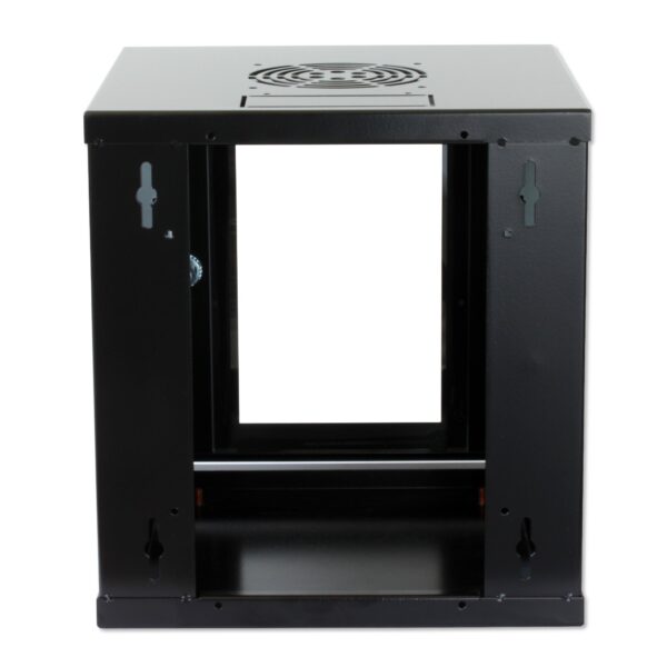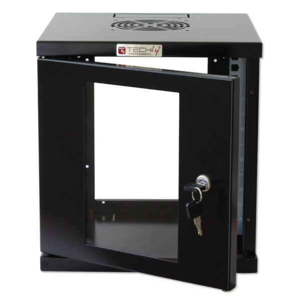 • Armadio a muro a sezione unica 10′ 6 unità per piccole reti • Robusta struttura saldata in acciaio laminato a freddo • Porta in vetro temprato da 5 mm, facilmente removibile e reversibile, angolo di apertura di 230°, chiusura con chiave• Pannelli laterali ciechi fissi• Predisposizione per ingresso cavi sulla base e sul tetto tramite profili pre-tranciati (110 x 40 mm) • Predisposizione per l’installazione di una ventole da 120 mm• Una coppia di montanti 10′ da 1.5 mm, regolabili in profondità (massima profondità utile 250 mm, 20 mm spazio disponibile tra montante e porta con montante completamente avanzato) • Portata statica: 30 kg• Fornito in dotazione kit di montaggio di viti e dadi• Include coppia di chiavi• Colore RAL 9005 (nero)• Dimensioni: 320x300x300 mm (AxLxP)
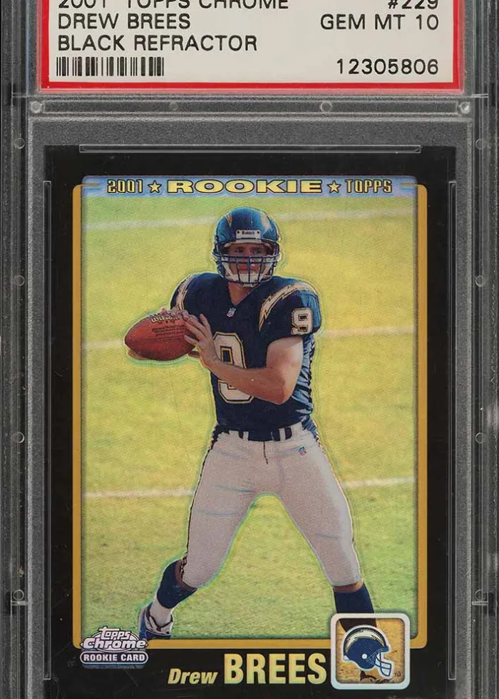Perhaps the most popular player in franchise history, Brees did it all in New Orleans, including winning the franchise’s first and only Super Bowl, defeating Peyton Manning and the Colts 31-17. Second all-time in career passing yards and touchdowns, his 2001 Topps Chrome RC’s is one of most sought-after cards in the Saints Hobby.
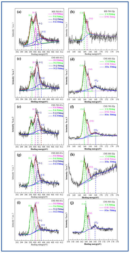 In order to explore the doping state of the nitrogen and sulfur elements, Figure 3a–j show the high-resolution spectrum of the N and S elements. The high-resolution spectrum of N1s shows the binding energy of four peaks. They are located at 398.6 eV, 400.2 eV, 401.3 eV, and 402.7 eV, corresponding to pyridine nitrogen (N-6), pyrrole nitrogen (N-5), graphite nitrogen (N-Q), and pyridine nitrogen oxide (N-X) [29]. With the increase in temperature, the graphite nitrogen content shows an increasing trend, while the other three contents gradually decrease. This is mainly due to the higher thermal stability of graphite nitrogen, resulting in a relative increase in the percentage. After fitting the high-resolution spectrum of S2p, it can be seen that MB-700 pure pyrolytic carbon without a template, unlike the other four template carbon materials, can only fit two peaks of 163.3 and 164.4 eV, which is also consistent with previous studies on methylene blue. As the temperature increases, it can be seen that the S2p peaks of the template carbon materials prepared at four temperatures can be fitted into three peaks, and fitting peaks with binding energies of 163.3 and 164.4 eV correspond to the thiophene-structured sulfur (C-S), (-C=S-) S2p 1/2, and S2p 3/2. Thiophene-structured sulfur helps to improve the defect degree of the material itself and brings more active sites. In addition, the fitting peak, with a binding energy of 168 eV, corresponds to oxidized sulfur (-SOn-), which is mainly caused by the oxygen element between the vermiculite layers. With an increase in temperature, the oxidized sulfur (-SOn-) content also increases. The co-doped nitrogen and sulfur have an obvious synergistic effect, increasing the number of electrochemically active sites on the surface of the carbon materials and improving the charge distribution of active sites.
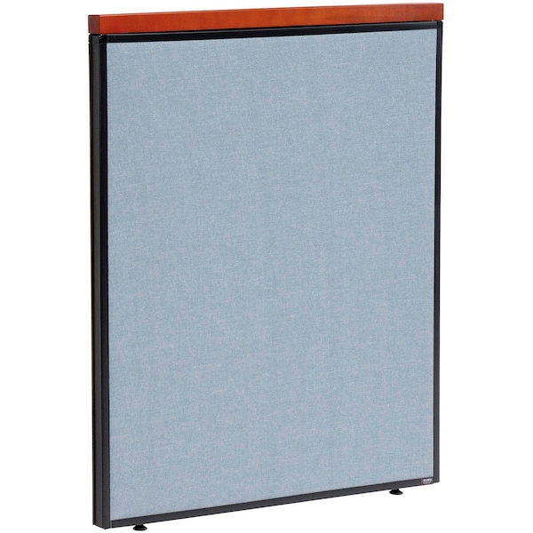 Interion By Global Industrial deluxe partition panels feature a wood accent at the top of the panel. Measuring 36-1/4 inches, wood cap attaches to top of partition, trimming panels with a Cherry finish. Cap measures 1-1/2"H x 1-3/4"D. Office partition panels can be used to wrap around existing desks or new office furniture to create private office spaces, cubicles, reception stations and call centers for any office environment. Room partition panel is flame retardant to meet the California 117 flammability standard. 1-3/4" thick fabric upholstered panel features an interior engineered wood (MDF) frame and honeycomb core covered with heavy tackable liner for structural strength and support. Panel trim is finished with self-extinguishing extruded polymer that offers optimum safety and rigidity. Partition includes adjustable leveling feet that are ideal for uneven surfaces. Purchase Steel Connectors to join multiple partitions and create various cubicle configurations (sold separately) The wood top cap is a non-weight bearing accent piece for decorative purpose only. Do not hook or hang any item on top of the panel for safety measures.
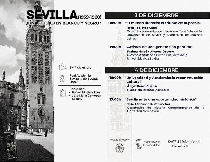 Los días 3 y 4 de diciembre de 2025 se celebraron unas jornadas en la Real Academia Sevillana de Buenas Letras con el título Sevilla (1939-1960): ¿una ciudad en blanco y negro?, que se sumaron a una serie de actividades de la Fundación Cultural Herrera Oria para reivindicar la producción cultural de aquellos años. Las jornadas se abrieron con una conferencia a cargo de Rogelio Reyes Cano, catedrático emérito de Literatura Española de la Universidad de Sevilla, en la que trazó un retrato de una época que él conoció de primera mano. Le siguió la profesora Fátima Halcón, que rescató la figura de una serie de artistas, especialmente pintores, de la Sevilla entonces.

= = = = =

» What you are asked to do:
All of the entries above should be copied exactly, except for the pictures.

» Answer space:
 • Armadio a muro a sezione unica 10′ 6 unità per piccole reti • Robusta struttura saldata in acciaio laminato a freddo • Porta in vetro temprato da 5 mm, facilmente removibile e reversibile, angolo di apertura di 230°, chiusura con chiave• Pannelli laterali ciechi fissi• Predisposizione per ingresso cavi sulla base e sul tetto tramite profili pre-tranciati (110 x 40 mm) • Predisposizione per l’installazione di una ventole da 120 mm• Una coppia di montanti 10′ da 1.5 mm, regolabili in profondità (massima profondità utile 250 mm, 20 mm spazio disponibile tra montante e porta con montante completamente avanzato) • Portata statica: 30 kg• Fornito in dotazione kit di montaggio di viti e dadi• Include coppia di chiavi• Colore RAL 9005 (nero)• Dimensioni: 320x300x300 mm (AxLxP)
Perhaps the most popular player in franchise history, Brees did it all in New Orleans, including winning the franchise’s first and only Super Bowl, defeating Peyton Manning and the Colts 31-17. Second all-time in career passing yards and touchdowns, his 2001 Topps Chrome RC’s is one of most sought-after cards in the Saints Hobby.
 In order to explore the doping state of the nitrogen and sulfur elements, Figure 3a–j show the high-resolution spectrum of the N and S elements. The high-resolution spectrum of N1s shows the binding energy of four peaks. They are located at 398.6 eV, 400.2 eV, 401.3 eV, and 402.7 eV, corresponding to pyridine nitrogen (N-6), pyrrole nitrogen (N-5), graphite nitrogen (N-Q), and pyridine nitrogen oxide (N-X) [29]. With the increase in temperature, the graphite nitrogen content shows an increasing trend, while the other three contents gradually decrease. This is mainly due to the higher thermal stability of graphite nitrogen, resulting in a relative increase in the percentage. After fitting the high-resolution spectrum of S2p, it can be seen that MB-700 pure pyrolytic carbon without a template, unlike the other four template carbon materials, can only fit two peaks of 163.3 and 164.4 eV, which is also consistent with previous studies on methylene blue. As the temperature increases, it can be seen that the S2p peaks of the template carbon materials prepared at four temperatures can be fitted into three peaks, and fitting peaks with binding energies of 163.3 and 164.4 eV correspond to the thiophene-structured sulfur (C-S), (-C=S-) S2p 1/2, and S2p 3/2. Thiophene-structured sulfur helps to improve the defect degree of the material itself and brings more active sites. In addition, the fitting peak, with a binding energy of 168 eV, corresponds to oxidized sulfur (-SOn-), which is mainly caused by the oxygen element between the vermiculite layers. With an increase in temperature, the oxidized sulfur (-SOn-) content also increases. The co-doped nitrogen and sulfur have an obvious synergistic effect, increasing the number of electrochemically active sites on the surface of the carbon materials and improving the charge distribution of active sites.
 Interion By Global Industrial deluxe partition panels feature a wood accent at the top of the panel. Measuring 36-1/4 inches, wood cap attaches to top of partition, trimming panels with a Cherry finish. Cap measures 1-1/2"H x 1-3/4"D. Office partition panels can be used to wrap around existing desks or new office furniture to create private office spaces, cubicles, reception stations and call centers for any office environment. Room partition panel is flame retardant to meet the California 117 flammability standard. 1-3/4" thick fabric upholstered panel features an interior engineered wood (MDF) frame and honeycomb core covered with heavy tackable liner for structural strength and support. Panel trim is finished with self-extinguishing extruded polymer that offers optimum safety and rigidity. Partition includes adjustable leveling feet that are ideal for uneven surfaces. Purchase Steel Connectors to join multiple partitions and create various cubicle configurations (sold separately) The wood top cap is a non-weight bearing accent piece for decorative purpose only. Do not hook or hang any item on top of the panel for safety measures.
 Los días 3 y 4 de diciembre de 2025 se celebraron unas jornadas en la Real Academia Sevillana de Buenas Letras con el título Sevilla (1939-1960): ¿una ciudad en blanco y negro?, que se sumaron a una serie de actividades de la Fundación Cultural Herrera Oria para reivindicar la producción cultural de aquellos años. Las jornadas se abrieron con una conferencia a cargo de Rogelio Reyes Cano, catedrático emérito de Literatura Española de la Universidad de Sevilla, en la que trazó un retrato de una época que él conoció de primera mano. Le siguió la profesora Fátima Halcón, que rescató la figura de una serie de artistas, especialmente pintores, de la Sevilla entonces.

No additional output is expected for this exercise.